Our stunning failure to care for our most vulnerable children is a cause and devastating consequence of the opioid crisis that is ravaging towns around the country. We can’t end the crisis — or a host of other problems — until we fix our beleaguered child welfare system.
As more Americans struggle with opioid addiction and find themselves unable to perform their duties as parents, children are pouring into state and county foster care systems. In Montana, the number of children in foster care has doubled since 2010. In Georgia, it has increased by 80 percent, and in West Virginia, by 45 percent. Altogether, nearly 440,000 kids are spending this holiday season in foster care, compared with 400,000 in 2011.
The data points to drug abuse as a primary reason, and experts have identified opioids in particular. Neglect remains the main reason children enter foster care. But from 2015 to 2016, the increase in the number of children who came into foster care as a result of parental drug abuse was far greater than the increases in the 14 other categories, like housing instability, according to data from the federal Adoption and Foster Care Analysis and Reporting System.

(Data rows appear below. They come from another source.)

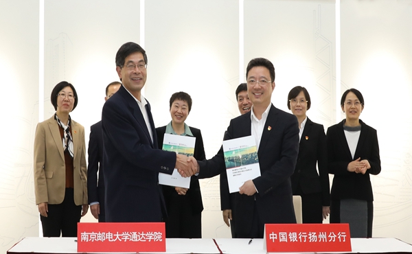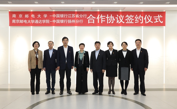 11月12日下午,南京邮电大学与中国银行江苏省分行、今年会官方网站与中国银行扬州分行银校合作协议签约仪式在中国银行江苏省分行北楼20楼举行。中国银行江苏省分行行长宁效云,副行长项晞、郭炼,扬州分行行长周广峰,学院理事长、南京邮电大学校长叶美兰,院长王承宽、党委书记汪业周等领导出席签约仪式。
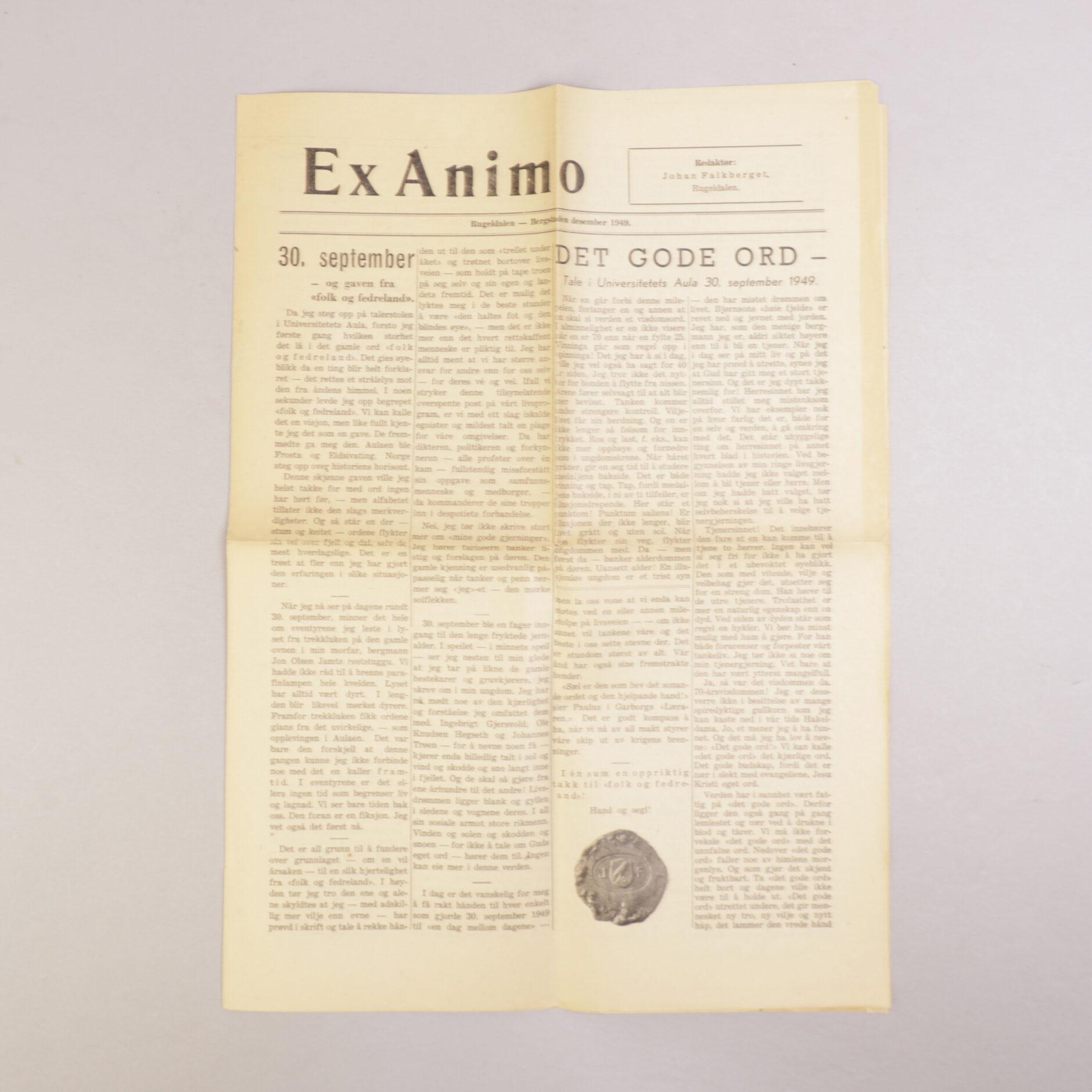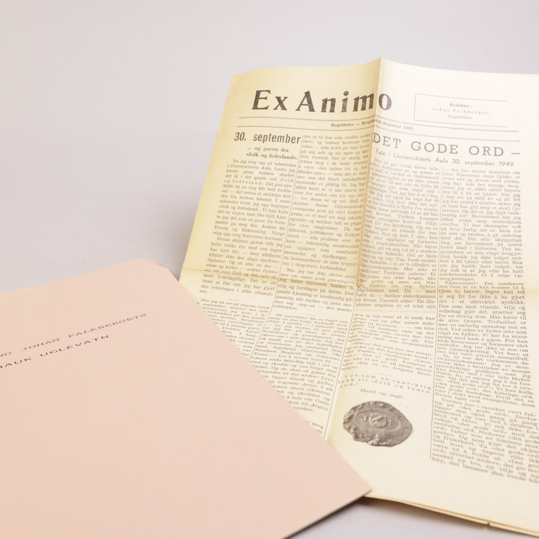 Ex Animo. Mange vil vel syns at Ex Animo er en underlig avis. Jeg skal villig gå med på at den er utenom det vanlige. Det må være meg tilgitt – jeg kan ikke tenke meg annet – at jeg sender den til mine venner. Jeg begynte som journalist og redaktør. Avisen har gått meg i blodet. Det forklarer vel på en måte at jeg denne gangen ikke fant annen forum for det som kom «av hjertet» – enn egen avis. Redaktøren
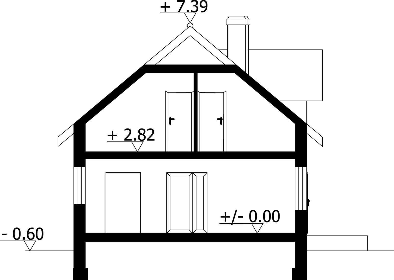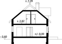 Wysokość ścianki kolankowej: 0.99 m. Strop: płyta żelbetowa. Pokrycie dachu: dachówka ceramiczna. Ściany zewnętrzne: pustaki ceramiczne + styropian. Ściany wewnętrzne: pustaki ceramiczne. Typ ogrzewania: kocioł gazowy lub kocioł na paliwo stałe. Inne: okna połaciowe Fakro.
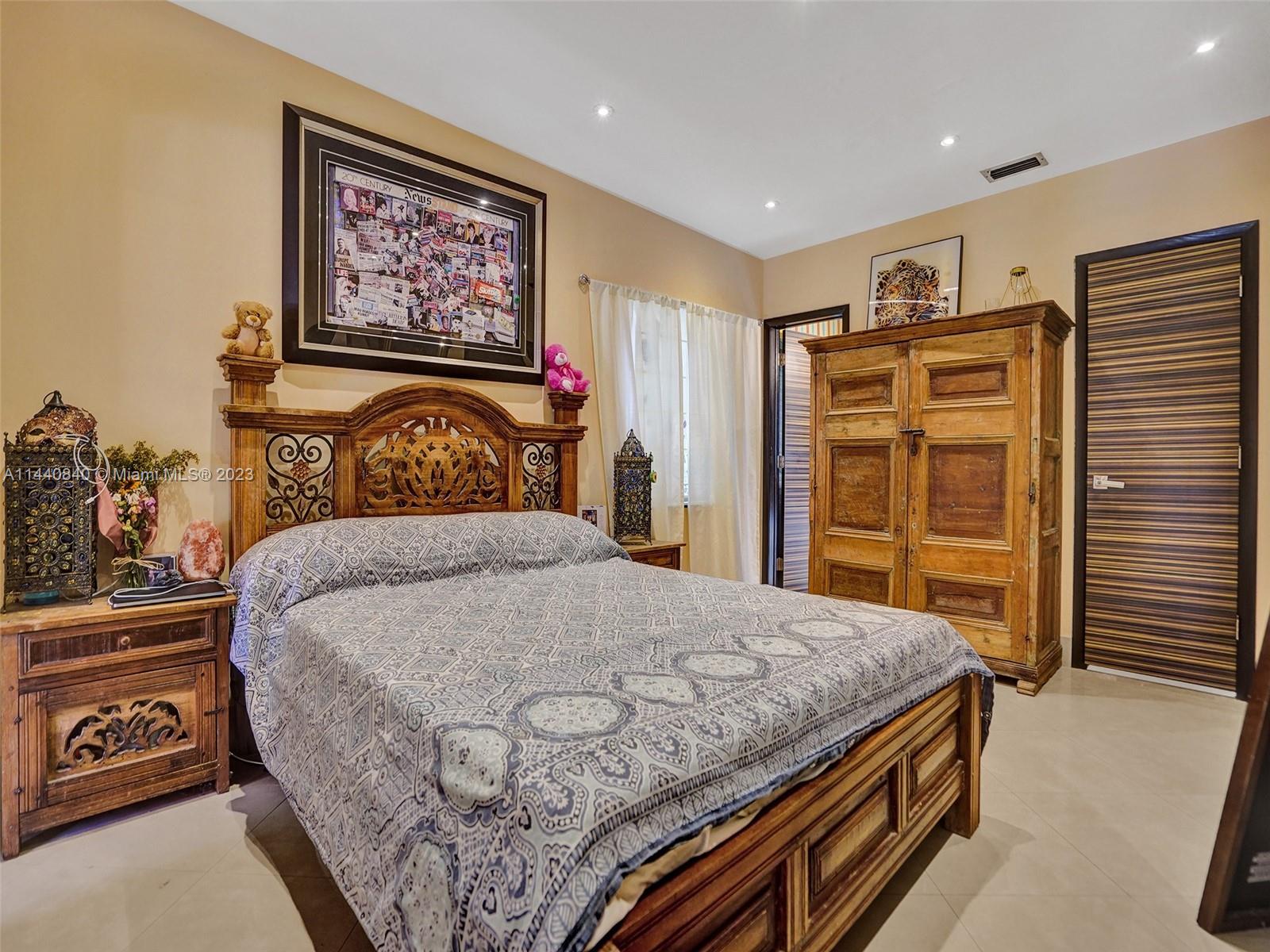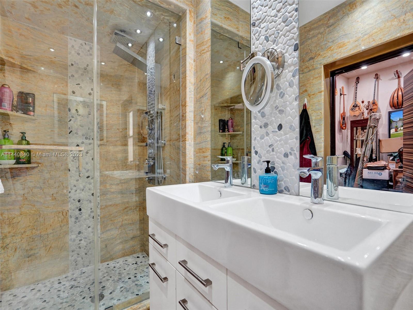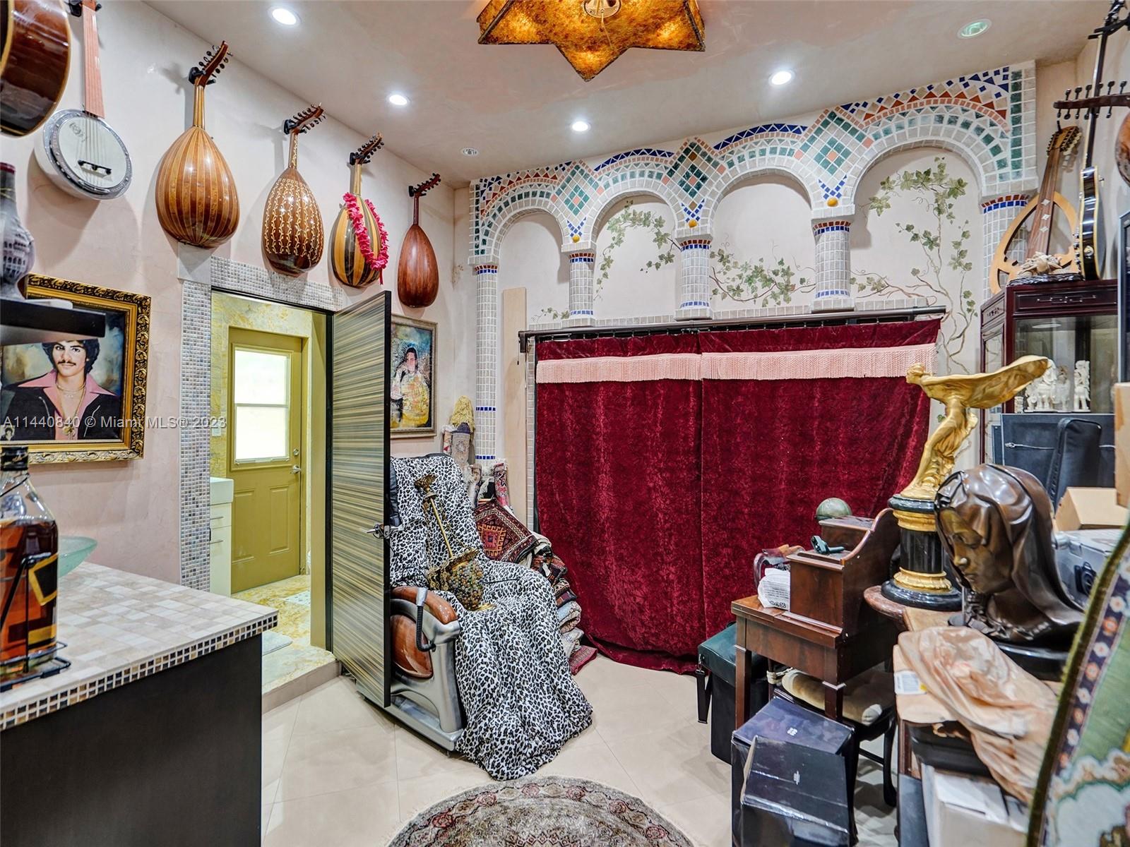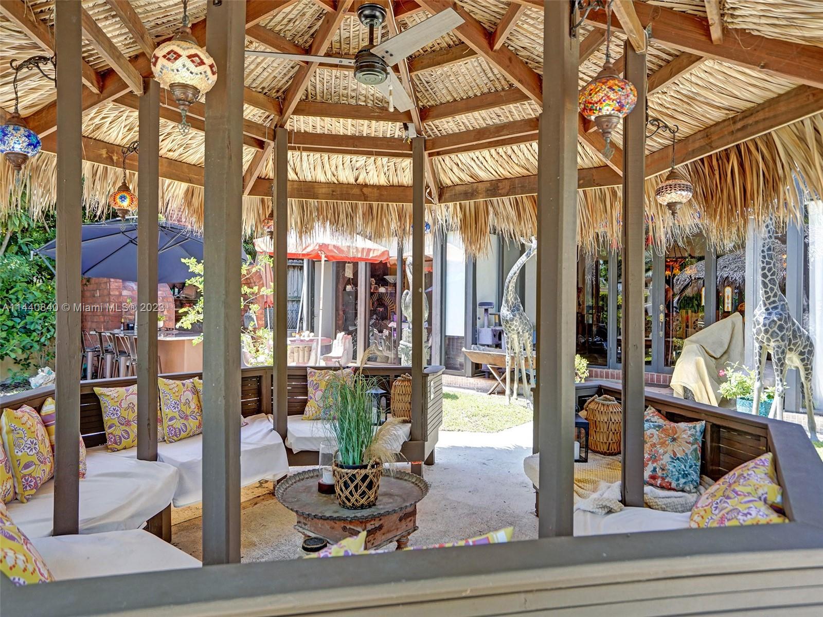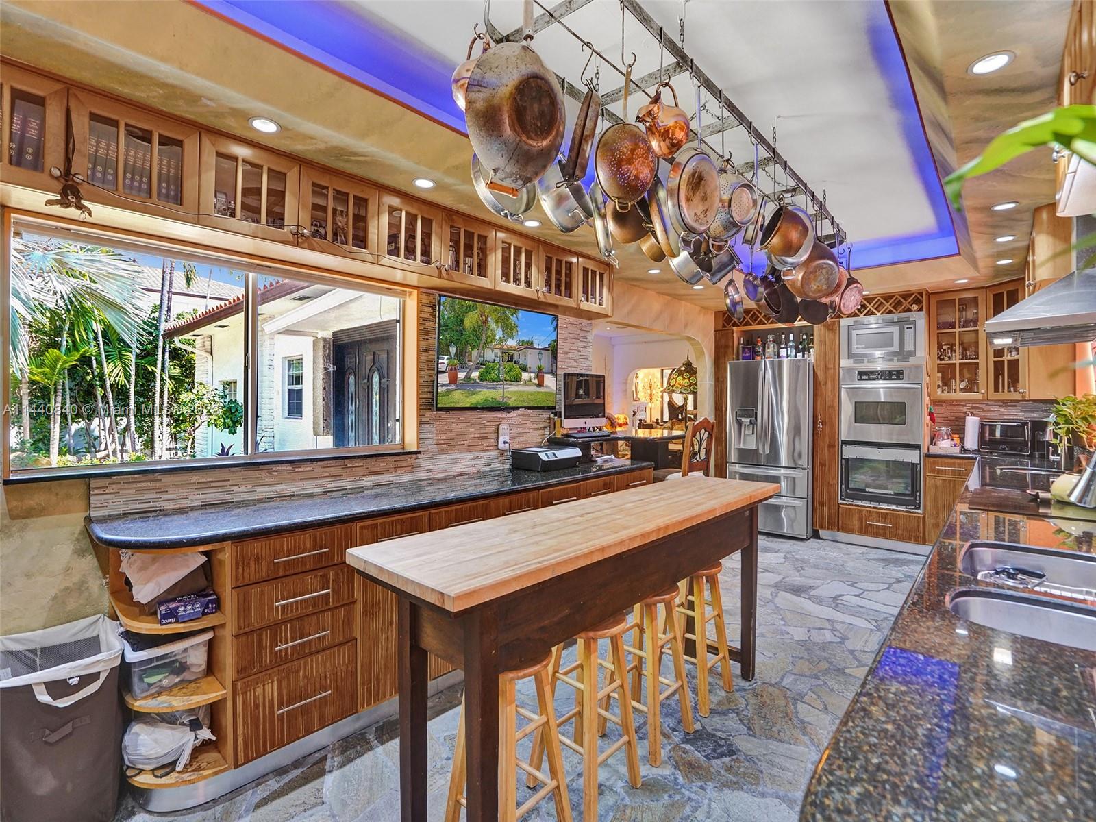 Unbelievably sought after Biscayne Point 60 ft waterfront smart home with 9ft ceilings, boatlift and only 1 bridge to the bay & ocean! Mid-Century Villa meets Moroccan Mosaic flair! Over $500K in renovations include impact windows, Bamboo kitchen, all 4 ensuite baths, full home theater projection & sound system, porcelain & field stone floors, custom solid wood doors, & electrical hurricane shutters, sprinklers & up lighting. Entertainers delight in your tropical oasis with covered tiki hut for 10 people, dining table, outdoor summer kitchen with BBQ, pizza oven. Investors will love the studio efficiency rented at $1,800 per month or use it as a guest, in-law or teenager suite! Brand new roof being installed with the potential to add 1250 sft of rooftop pleasure! All furniture negotiable.
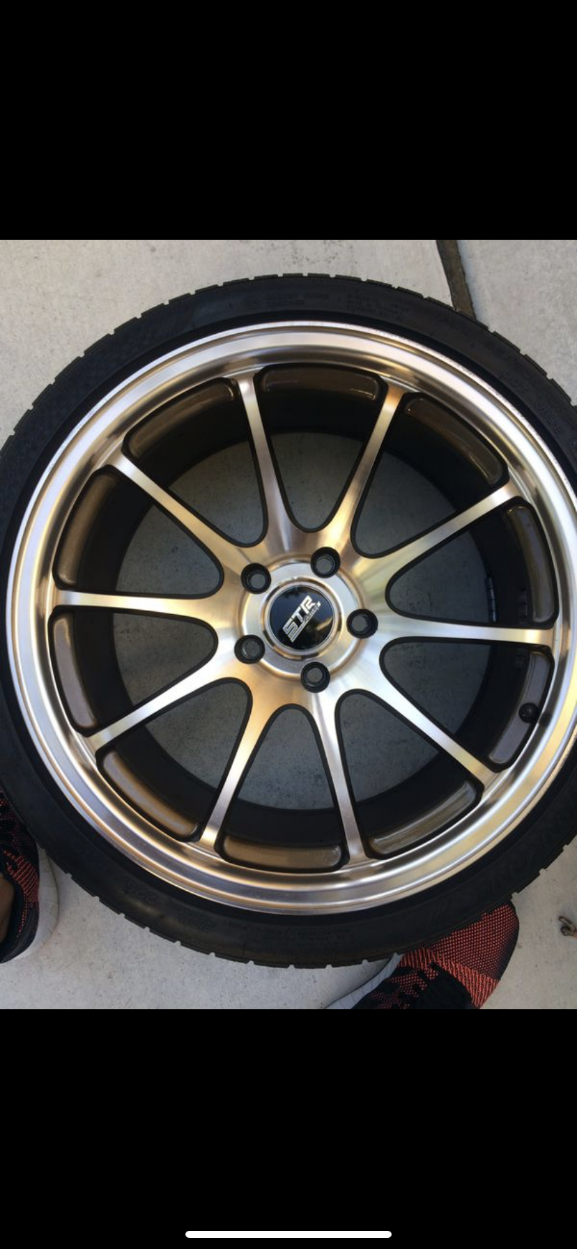 $1200 18” STR 901 18×9 +25 5×4.5 by pattern. Titanium Bronze. Alloy material w/ some curb rash on the rims. Still in good condition. Throwing in a extra STR rim as well. $400 New Nankang tires 225/40 R18 92H XL BSW. Total value $1900 Make me an offer.
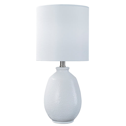 View full detailsC Cattleya 19in. White Bubble Glaze Ceramic Table Lamp with White Linen Shade and Brushed Nickel Lamp Neck
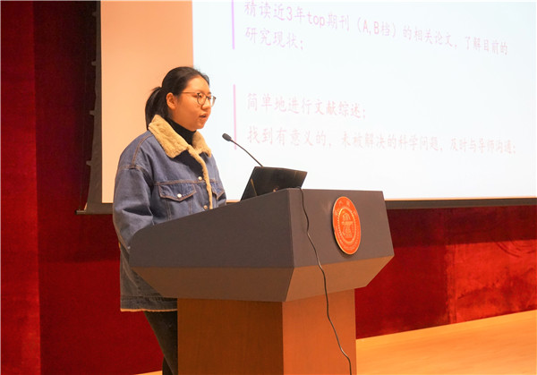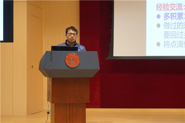 随后,会议邀请四位优秀员工与同学们分享交流自己的切身经验。博士生张先燏分享了自己在科研论文等方面的感悟,如了解自己研究领域的权威期刊,把科研当成兴趣和动力,尽早发表第一篇论文等等。博士生司国锦从成绩、项目、科研、论文等四方面分享了自己的研究生阶段的经验和思考。硕士生潘浩分享了自己设定目标、先发与人、耕者宜深等观点,使同学们在职业规划方面得到更多思考。硕士生卫宇杰生动地为大家讲述了自己在研究生阶段时间管理、个人定位等方面的经验和建议。他们的切身体验使同学们在职业规划上有了更深刻的认识和体会。
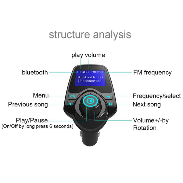 T11 Bluetooth FM Transmitter Car MP3 Player with LED Display, Support Double USB Charge & Handsfree & TF Card & U Disk Music Play Function
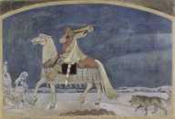 | asiasana | ornamentit, maisema, tähdet, lumi, ornamentiikka, Kullervo, taivas, hevonen, tuohitorvet, talvi, Kalevala, eläimet, koira, miekat |
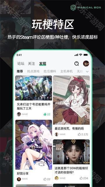魔核版是一款专为Steam游戏玩家打造的优质游戏社区应用,汇聚了海量游戏爱好者,大家可以在这里自由交流各类有趣的游戏。它支持跨平台数据互通,手机端能随时管理Steam游戏库,让游戏热爱无缝延续!现在就加入,与全球玩家共享游戏的激情吧!

Child welfare agencies across the country are doing heroic work, but they simply cannot find enough foster families to meet the growing demand. In some places, kids in foster care are sleeping in social workers’ offices. Many children are shipped off to prisonlike institutions where they languish for months, even years, without loving families. And many more bounce among multiple foster homes, deepening their feelings of abandonment, disrupting their education and severing their relationships with relatives, teachers and friends just when they need them most.
The consequences for these kids, and our country, are alarming. Children who have been in foster care are five times more likely to abuse drugs. As many as 70 percent of youths in the juvenile justice system have spent time in the child welfare system. One-third of homeless young adults were previously in foster care. Black children are twice as likely as white children to wind up in foster care and face its devastating effects, a symptom of our country’s disparate treatment of black and white families who experience similar challenges.
It turns out that our child welfare system is a kind of patient zero for the crises overwhelming our other social service organizations.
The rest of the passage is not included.